So, it explains why the following code works fine:
#include <iostream>
struct A
{
private:
int a = 5;
friend int foo(A a)
{
return a.a;
}
};
int a = foo(A());
int main(){ std::cout << a << std::endl; }
DEMO
We defined the function in the friend declaration and, as the Standard said it became the member of the global namespace. But the rule covers the defintion, not declaration. Obviously, that's not any declaration is definition. So we can't apply one to the first example.
In the last program
#include <iostream>
struct A
{
private:
int a = 5;
friend int foo(A a)
{
return a.a;
}
};
int a = foo(A());
int main(){ std::cout << a << std::endl; }
The compiler finds definition of function foo only due to the argument dependent lookup.
You should consider the following section of the C++ Standard
3.4.2 Argument-dependent name lookup
2 For each argument type T in the function call, there is a set of
zero or more associated namespaces and a set of zero or more
associated classes to be considered. The sets of namespaces and
classes is determined entirely by the types of the function
arguments (and the namespace of any template template argument).
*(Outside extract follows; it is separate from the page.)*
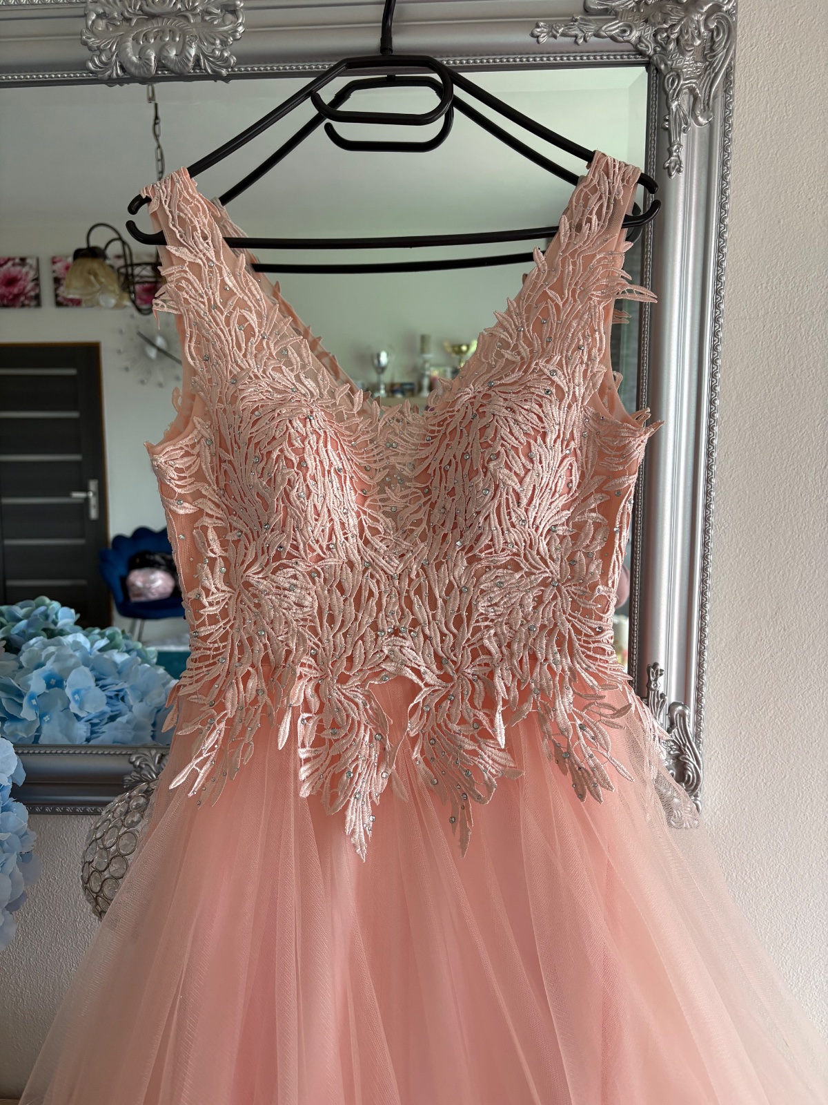 V týchto dlhých tylových šatách pritiahnete na seba všetkú pozornosť. Vrch šiat s véčkovým výstrihom vpredu aj na chrbte je zdobený precízne vyšívanou čipkou. Čipka je doplnená jemnými kamienkami a flitrami. Šaty sú na prsiach vystužené. Bohatú sukňu tvoria dve saténové vrstvy a tri vrstvy tylu. Zapínanie na chrbte pomocou zipsu. Raz použité, vyčistené, bez chýb. Sedia skôr ako M/38.

Typedef names and using-declarations used to specify the types do not
contribute to this set.
Thus in this program the compiler searches the function in the scope of the class because the argument of the function has the class type. If you will change the function definition for example the following way then the compiler will not find the function.
#include <iostream>
struct A
{
public:
A( int x ) : a( 2 * x ) {}
private:
int a;
friend int foo( int x )
{
A a( x );
return a.a;
}
};
int a = foo( 10 );
int main()
{
std::cout << a << std::endl;
return 0;
}
But if you add a declaration of the function in the scope where the class is defined then the compiler will see the function
#include <iostream>
struct A
{
public:
A( int x ) : a( 2 * x ) {}
private:
int a;
friend int foo( int x )
{
A a( x );
return a.a;
}
};
int foo( int );
int a = foo( 10 );
int main()
{
std::cout << a << std::endl;
return 0;
}
Here the program output is
20